### DATA FOR ANALYSIS
______________________________

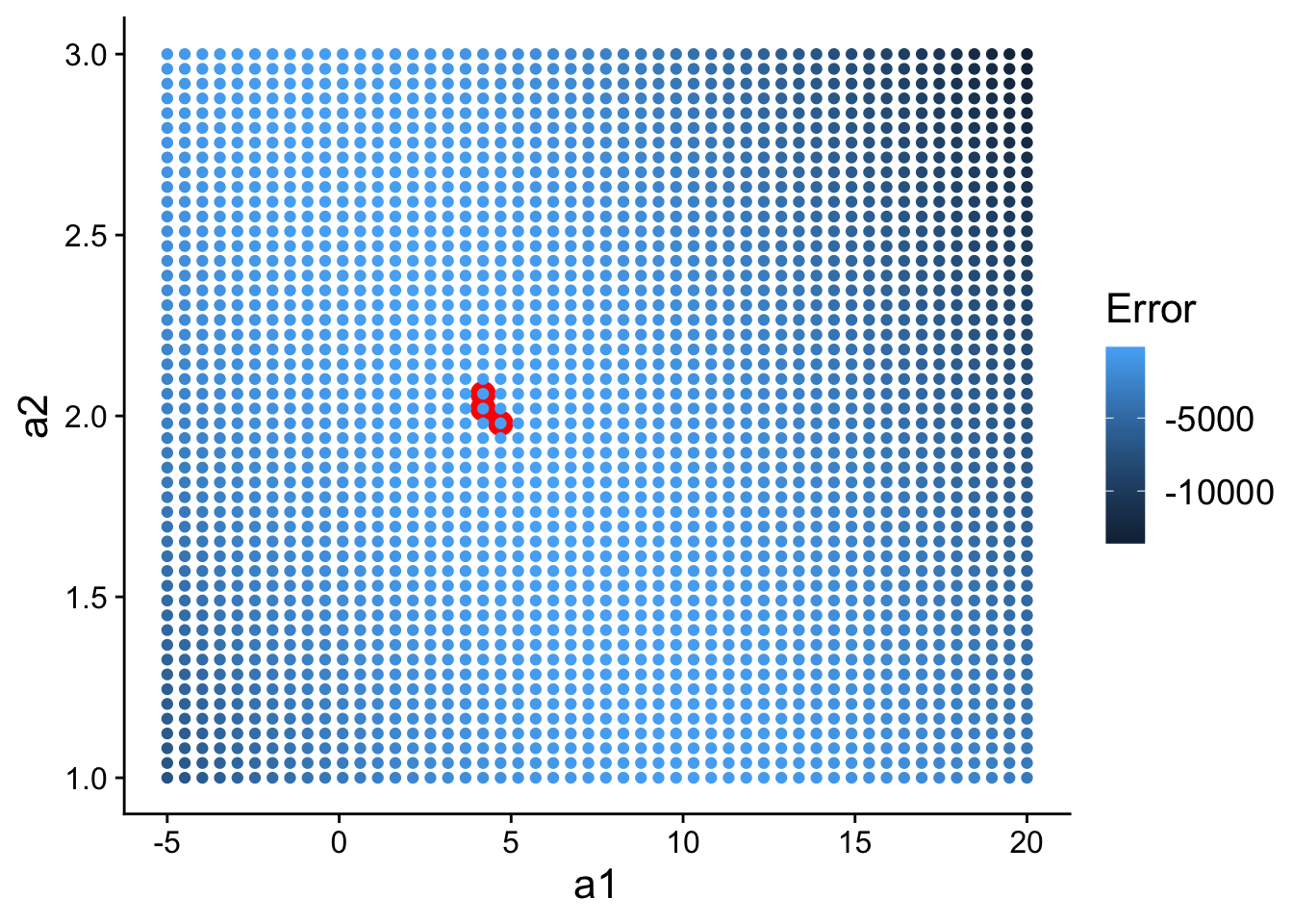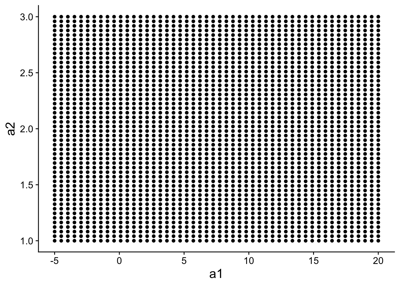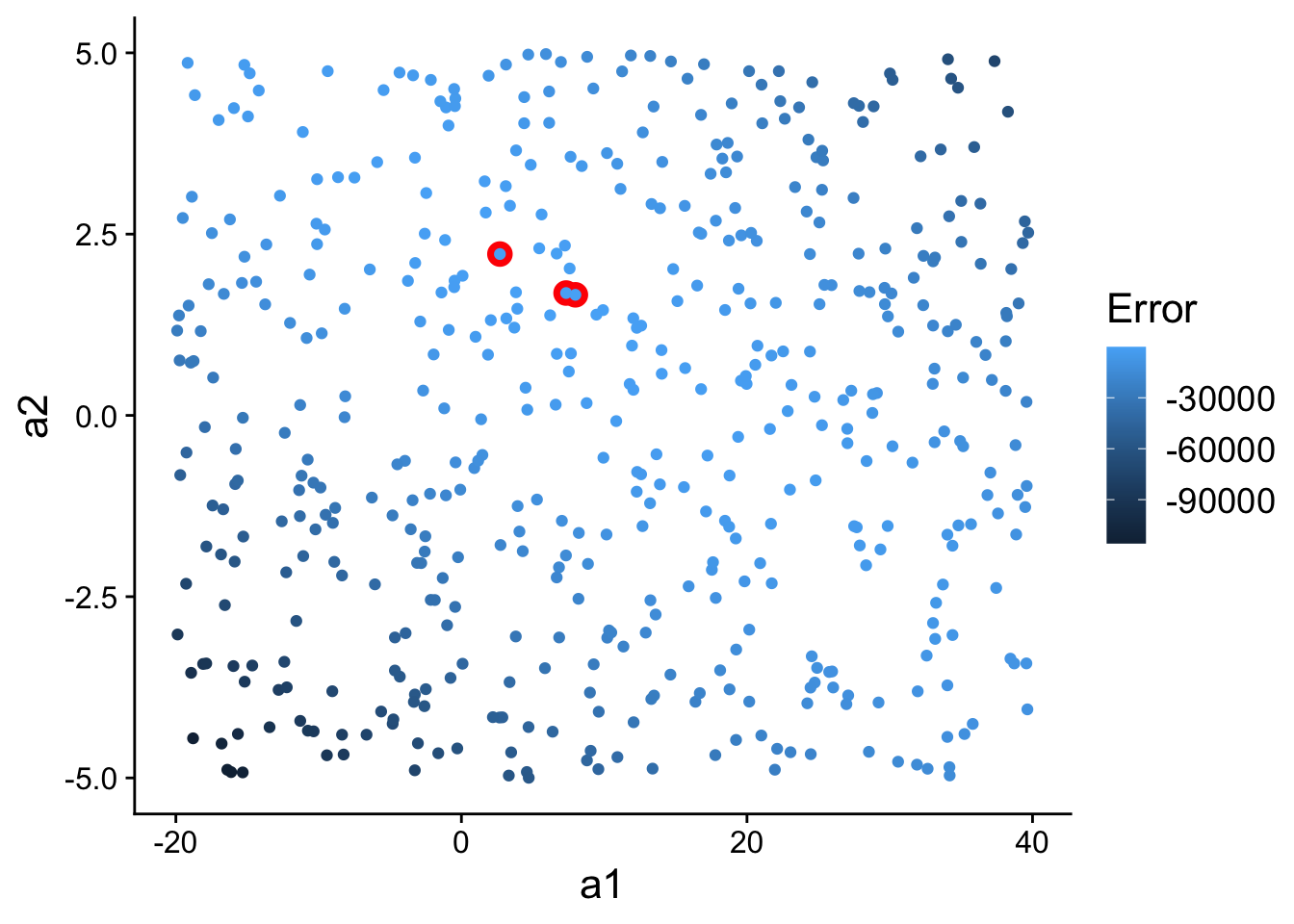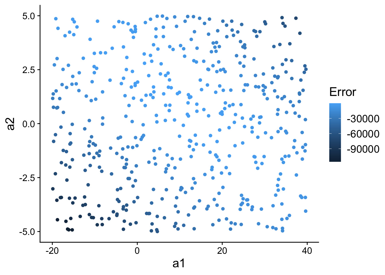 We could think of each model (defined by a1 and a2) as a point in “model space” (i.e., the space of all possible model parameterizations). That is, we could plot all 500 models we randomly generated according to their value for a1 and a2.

______________________________

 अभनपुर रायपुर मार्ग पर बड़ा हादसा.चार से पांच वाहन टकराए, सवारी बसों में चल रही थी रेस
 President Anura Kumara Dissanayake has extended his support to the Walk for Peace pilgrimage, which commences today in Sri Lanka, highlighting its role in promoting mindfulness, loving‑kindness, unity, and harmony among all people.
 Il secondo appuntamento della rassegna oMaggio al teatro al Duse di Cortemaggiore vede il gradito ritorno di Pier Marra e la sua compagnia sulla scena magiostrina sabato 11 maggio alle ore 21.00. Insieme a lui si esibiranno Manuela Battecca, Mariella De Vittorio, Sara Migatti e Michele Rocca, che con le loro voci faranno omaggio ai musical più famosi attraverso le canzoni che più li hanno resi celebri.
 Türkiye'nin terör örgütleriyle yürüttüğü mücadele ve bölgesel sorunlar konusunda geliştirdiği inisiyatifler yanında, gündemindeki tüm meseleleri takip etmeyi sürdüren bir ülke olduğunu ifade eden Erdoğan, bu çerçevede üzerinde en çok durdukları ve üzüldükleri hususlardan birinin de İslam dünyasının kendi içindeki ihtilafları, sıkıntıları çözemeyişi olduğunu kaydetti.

______________________________

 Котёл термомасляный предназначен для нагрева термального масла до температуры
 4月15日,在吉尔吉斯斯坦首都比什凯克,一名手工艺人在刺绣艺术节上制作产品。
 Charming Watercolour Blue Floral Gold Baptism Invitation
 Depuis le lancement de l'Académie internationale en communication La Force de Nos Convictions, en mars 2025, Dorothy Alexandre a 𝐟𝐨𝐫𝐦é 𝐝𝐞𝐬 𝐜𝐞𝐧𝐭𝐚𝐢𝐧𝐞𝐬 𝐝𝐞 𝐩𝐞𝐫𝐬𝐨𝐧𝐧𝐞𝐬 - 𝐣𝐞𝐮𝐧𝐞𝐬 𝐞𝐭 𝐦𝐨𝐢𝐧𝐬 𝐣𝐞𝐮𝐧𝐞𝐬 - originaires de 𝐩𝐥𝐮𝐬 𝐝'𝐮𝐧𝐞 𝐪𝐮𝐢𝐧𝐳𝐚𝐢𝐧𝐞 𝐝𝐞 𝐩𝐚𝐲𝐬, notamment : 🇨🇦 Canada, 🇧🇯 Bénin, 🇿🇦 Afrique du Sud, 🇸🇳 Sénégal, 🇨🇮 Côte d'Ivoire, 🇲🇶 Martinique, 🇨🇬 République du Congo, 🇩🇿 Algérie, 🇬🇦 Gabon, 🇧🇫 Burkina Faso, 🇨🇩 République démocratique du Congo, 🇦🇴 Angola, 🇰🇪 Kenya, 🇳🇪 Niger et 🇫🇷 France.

______________________________

### WORK ITEM
Above are the records; from them, give again exactly the lines from the one containing "अभनपुर रायपुर मार्ग" to the one containing "President Anura Kumara", both lines included, and nothing more.

### RESPONSE BOX
 अभनपुर रायपुर मार्ग पर बड़ा हादसा.चार से पांच वाहन टकराए, सवारी बसों में चल रही थी रेस
 President Anura Kumara Dissanayake has extended his support to the Walk for Peace pilgrimage, which commences today in Sri Lanka, highlighting its role in promoting mindfulness, loving‑kindness, unity, and harmony among all people.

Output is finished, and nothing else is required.